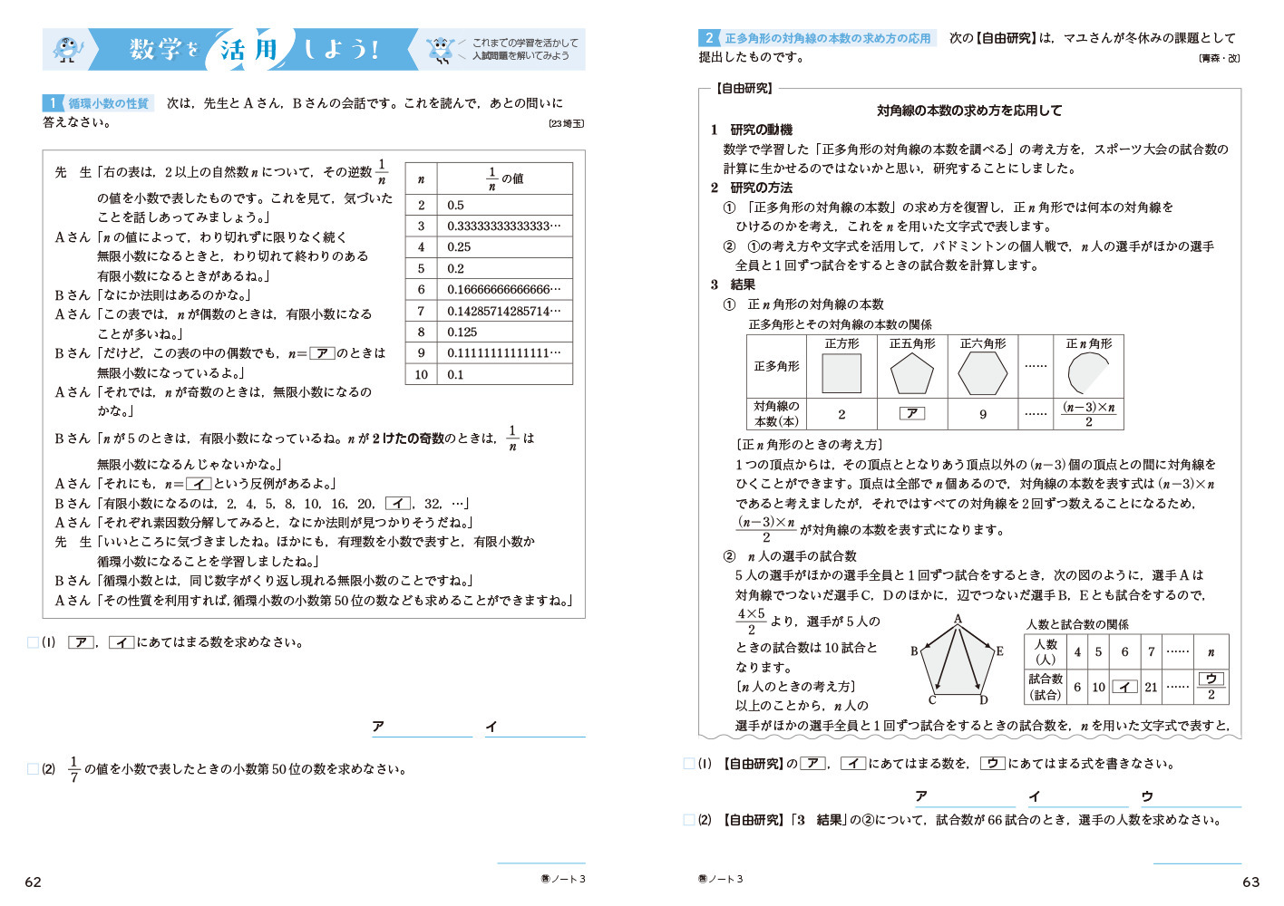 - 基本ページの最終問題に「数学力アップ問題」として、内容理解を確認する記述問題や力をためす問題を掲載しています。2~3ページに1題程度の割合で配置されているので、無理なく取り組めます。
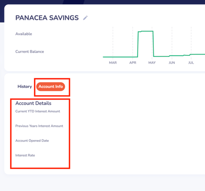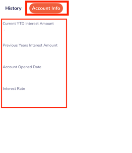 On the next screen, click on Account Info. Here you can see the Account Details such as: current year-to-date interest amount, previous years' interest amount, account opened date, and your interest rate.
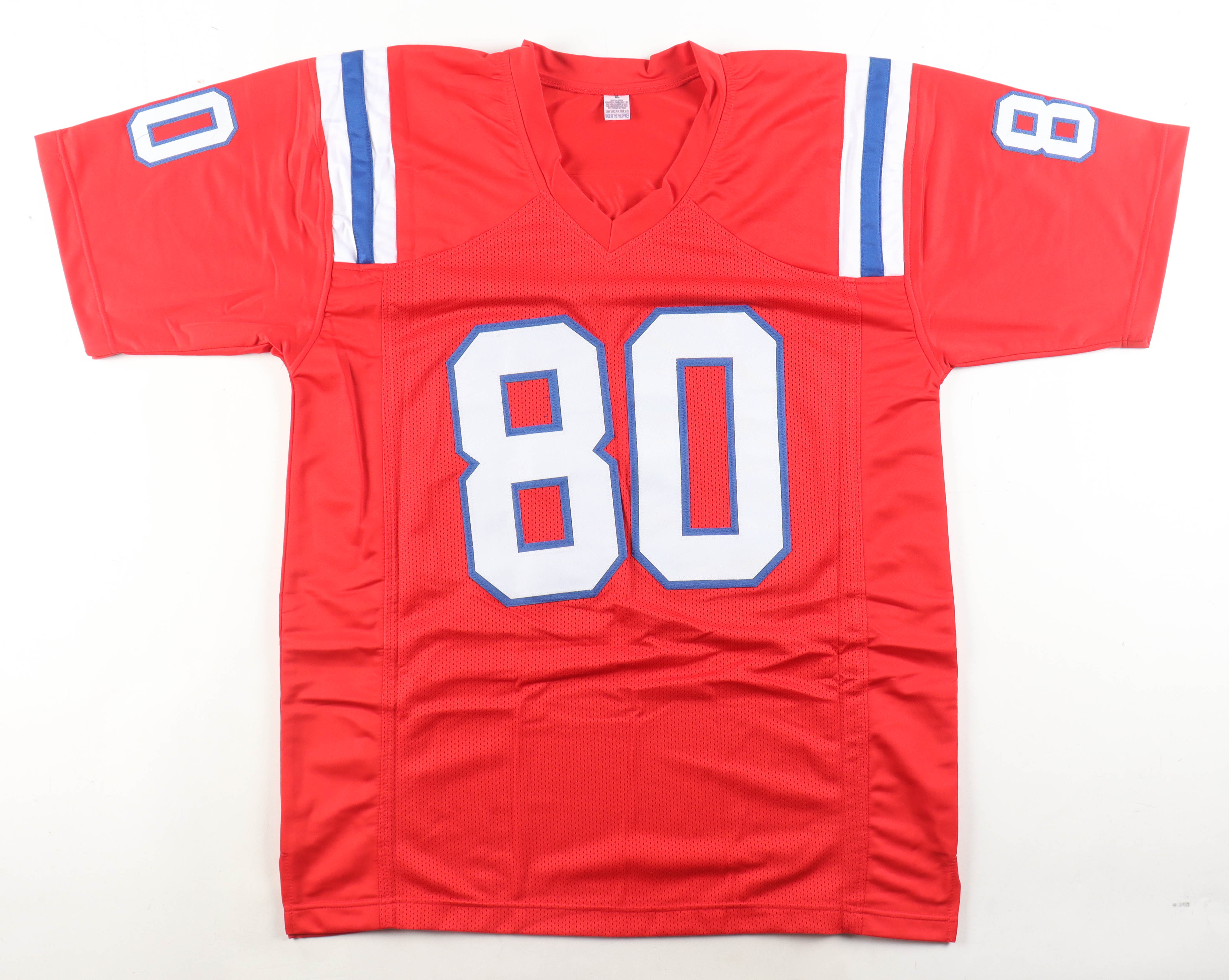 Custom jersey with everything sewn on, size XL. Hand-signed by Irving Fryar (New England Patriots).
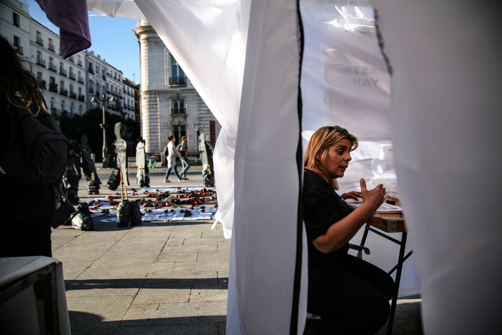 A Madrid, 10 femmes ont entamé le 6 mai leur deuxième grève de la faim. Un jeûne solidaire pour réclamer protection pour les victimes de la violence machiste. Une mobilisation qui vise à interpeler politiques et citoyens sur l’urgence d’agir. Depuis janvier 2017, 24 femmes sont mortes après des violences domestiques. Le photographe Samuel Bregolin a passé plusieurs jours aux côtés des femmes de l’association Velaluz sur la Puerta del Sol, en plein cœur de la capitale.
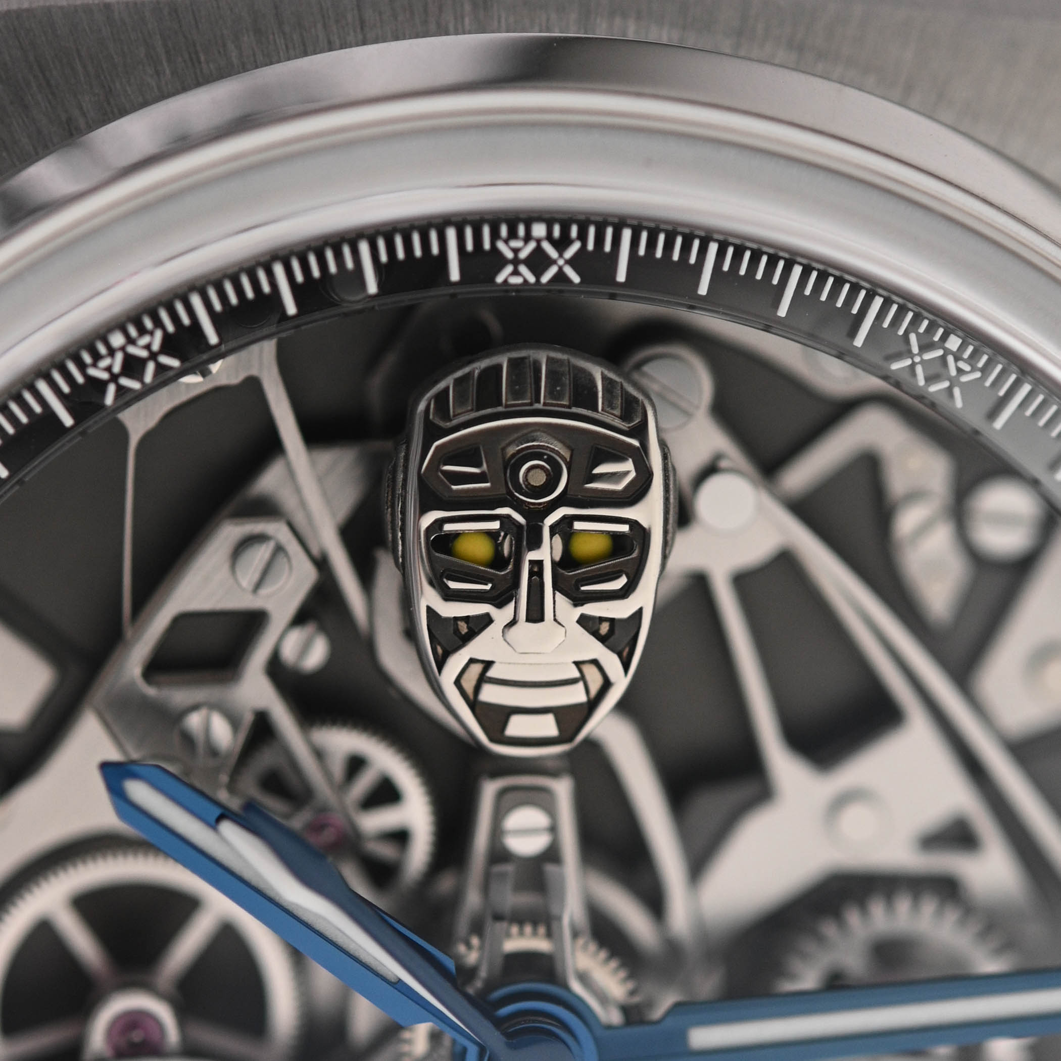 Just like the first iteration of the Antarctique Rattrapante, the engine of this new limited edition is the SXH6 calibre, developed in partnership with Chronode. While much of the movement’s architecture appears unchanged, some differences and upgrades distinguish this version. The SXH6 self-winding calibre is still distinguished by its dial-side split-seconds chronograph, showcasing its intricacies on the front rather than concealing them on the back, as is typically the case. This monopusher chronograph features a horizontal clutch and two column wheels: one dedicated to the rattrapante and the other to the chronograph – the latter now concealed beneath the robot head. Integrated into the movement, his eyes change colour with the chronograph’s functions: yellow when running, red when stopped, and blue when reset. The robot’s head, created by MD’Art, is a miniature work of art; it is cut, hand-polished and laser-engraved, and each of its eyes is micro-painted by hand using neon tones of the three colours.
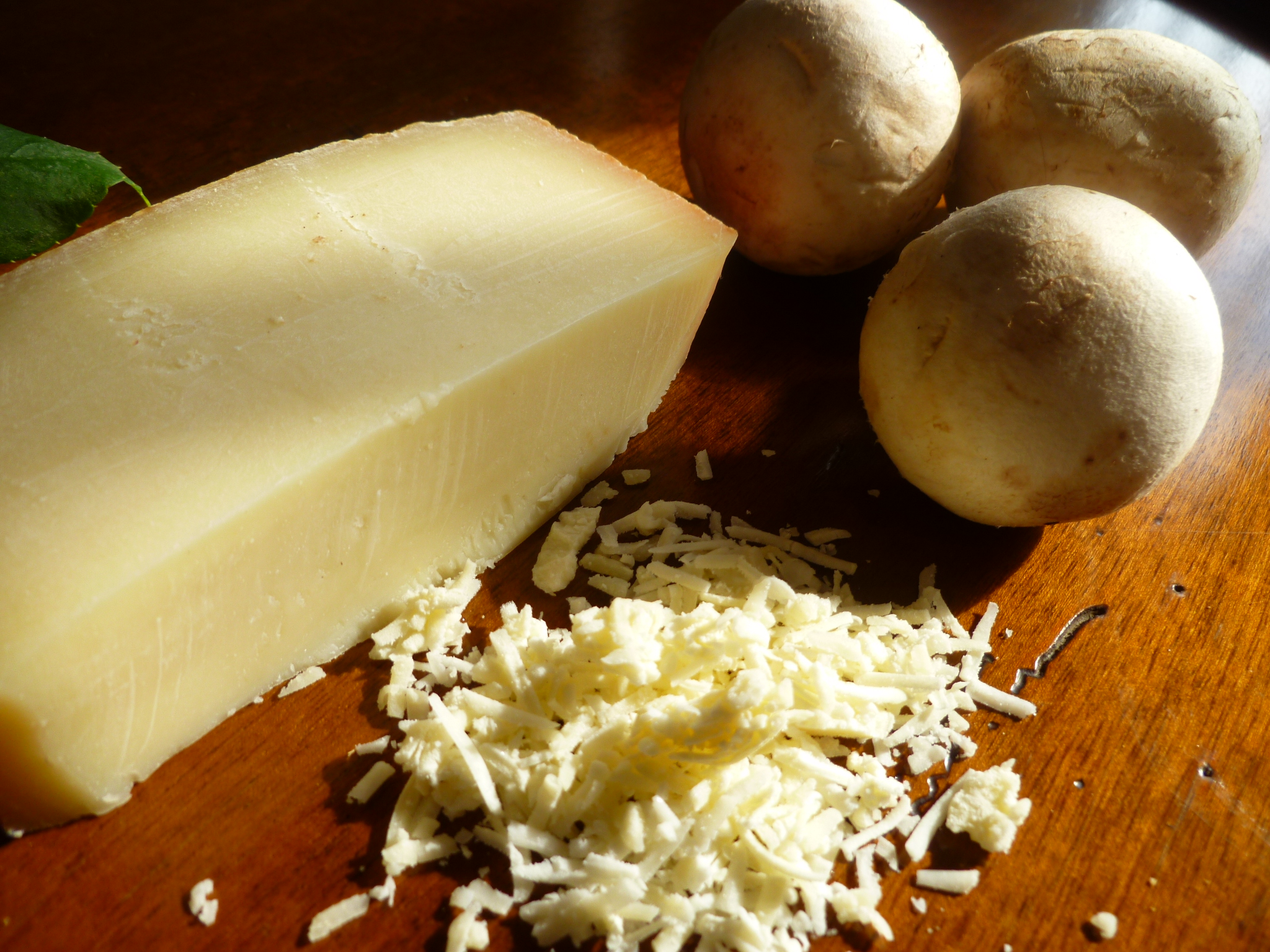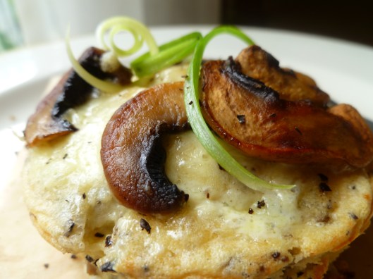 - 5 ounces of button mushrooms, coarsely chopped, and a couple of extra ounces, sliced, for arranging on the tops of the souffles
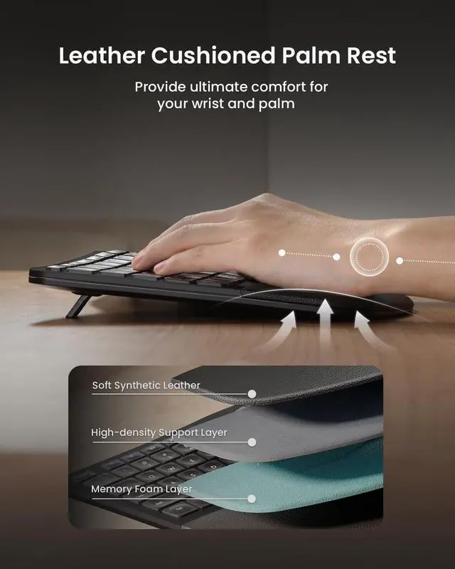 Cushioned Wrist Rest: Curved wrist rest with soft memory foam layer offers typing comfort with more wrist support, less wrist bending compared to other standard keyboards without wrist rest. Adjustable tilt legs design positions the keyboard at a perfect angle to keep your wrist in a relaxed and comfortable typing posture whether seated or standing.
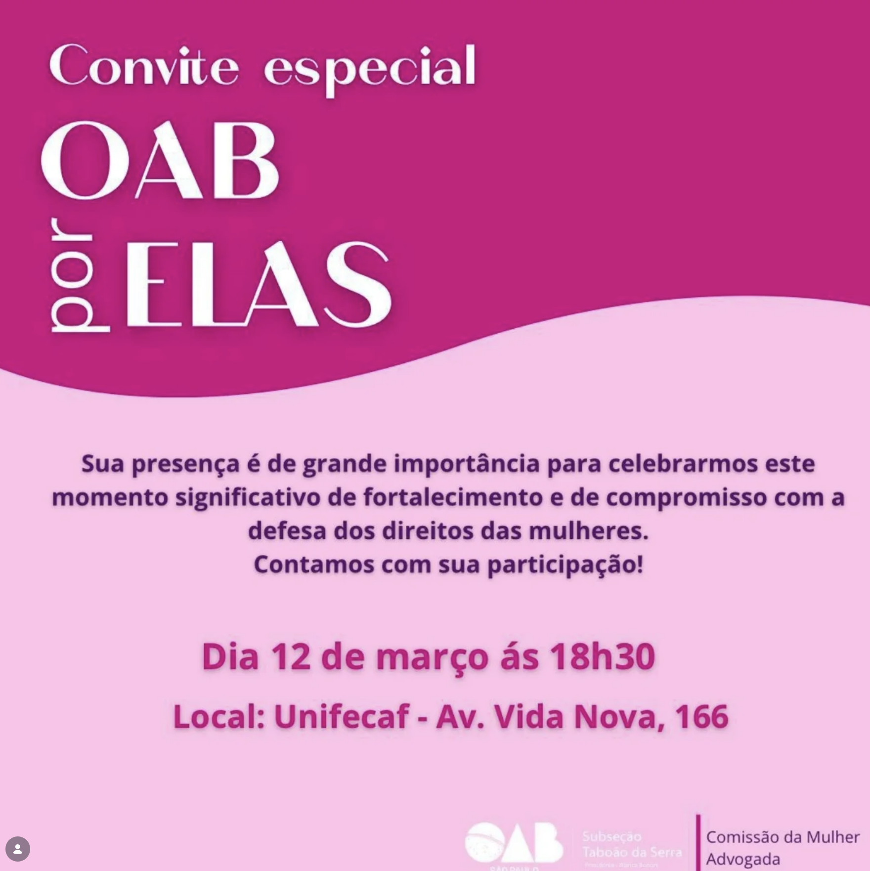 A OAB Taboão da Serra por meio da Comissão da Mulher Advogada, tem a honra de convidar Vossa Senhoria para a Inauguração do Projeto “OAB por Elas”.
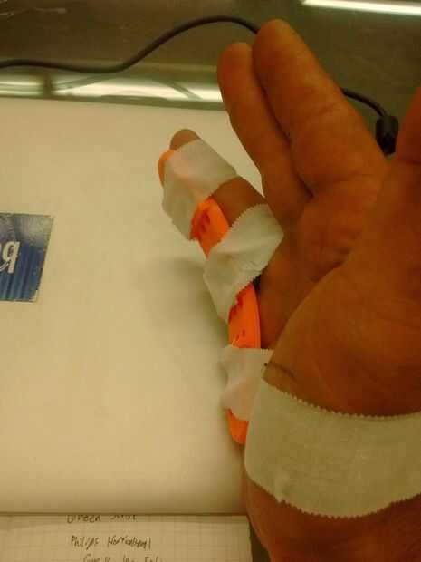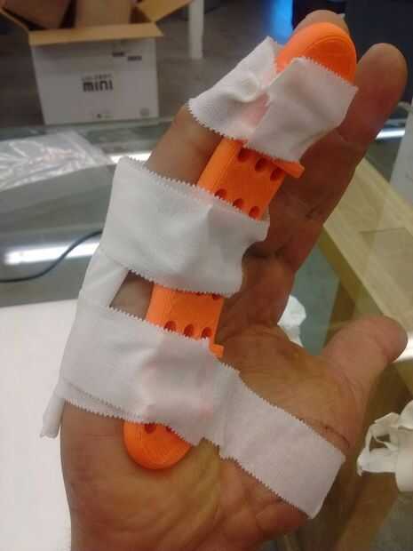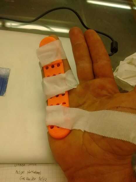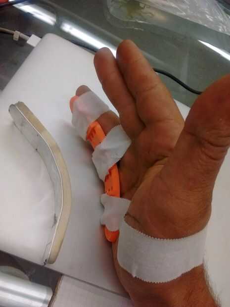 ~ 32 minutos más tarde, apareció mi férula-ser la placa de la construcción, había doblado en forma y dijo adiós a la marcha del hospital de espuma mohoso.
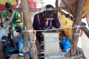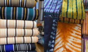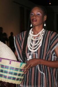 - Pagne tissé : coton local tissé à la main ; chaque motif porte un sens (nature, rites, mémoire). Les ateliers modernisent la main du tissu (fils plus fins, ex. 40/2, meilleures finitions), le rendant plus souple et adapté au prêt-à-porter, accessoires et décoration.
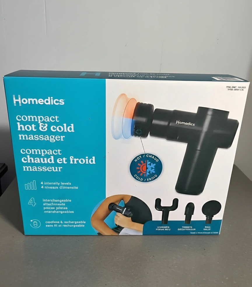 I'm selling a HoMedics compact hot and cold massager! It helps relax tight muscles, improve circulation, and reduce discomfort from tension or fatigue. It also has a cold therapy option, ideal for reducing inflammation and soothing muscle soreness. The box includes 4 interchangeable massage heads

Exercise details: Pictures stay out. Transcribe the lines from the start of the entries above through the line with "Custom jersey with", exactly.

Your solution:
 - 基本ページの最終問題に「数学力アップ問題」として、内容理解を確認する記述問題や力をためす問題を掲載しています。2~3ページに1題程度の割合で配置されているので、無理なく取り組めます。
 On the next screen, click on Account Info. Here you can see the Account Details such as: current year-to-date interest amount, previous years' interest amount, account opened date, and your interest rate.
 Custom jersey with everything sewn on, size XL. Hand-signed by Irving Fryar (New England Patriots).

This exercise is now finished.